Listening’s hard when you’re hard of hearing

Published 12:54 pm Thursday, September 1, 2016

There is a reason I wrote “Lions learn about hearing” in Wednesday’s edition. Through the story, you learn what the Farmville Lions Club did: Longwood Speech, Hearing & Learning Services is a very special place.

The Lions contacted me almost three weeks before the tour, hoping to have a reporter join them. I told them I’d do it myself — not because I didn’t trust anyone else to do it; we have great reporters — for completely selfish reasons.

You see, I’m hard of hearing, too.

Email newsletter signup

I was born completely deaf in my left ear, likely the result of my mother contracting German measles (rubella) while pregnant with me. She didn’t realize it until I was 3 years old, when she called me for dinner and couldn’t get me to respond. She was on my left side; I couldn’t hear her.

I occasionally wore cross-aids — wire around my neck with a receiver on my left ear and the actual aid on my right. They were uncomfortable and confusing, actually.

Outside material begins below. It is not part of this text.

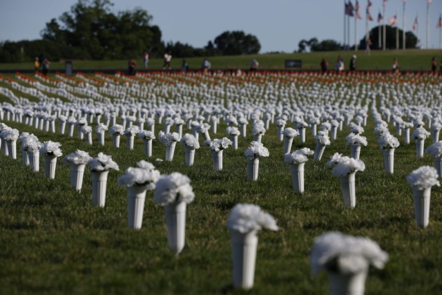 ↑这是2022年6月6日在华盛顿纪念碑附近拍摄的由绢花组成的“全美枪支暴力纪念碑”。组织者在这里放置了4.5万朵绢花,以悼念美国枪支受害者,展示枪患之重,要求华盛顿停止不作为。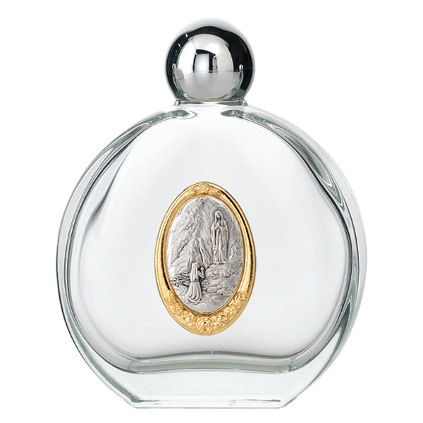 4" Our Lady of Lourdes Large Glass Holy Water Bottle

From my mid-teens to my late 20s, I worked as a radio announcer. During those 14 years, I damaged the hearing in my good ear by listening to music, loudly, on headphones or through large studio speakers. I lost a good deal of my high-frequency response and, therefore, have trouble discerning soft consonant sounds: ch, th, ph and so on. Even with a clarifying hearing aid, I can have a great deal of trouble understanding what someone’s said on the first try, especially in noisy situations.

So, protect your hearing and get checked out. If you think you have a hearing loss, don’t wait to have an exam. Get help, get hearing aids and wear them. It could change your life for the better.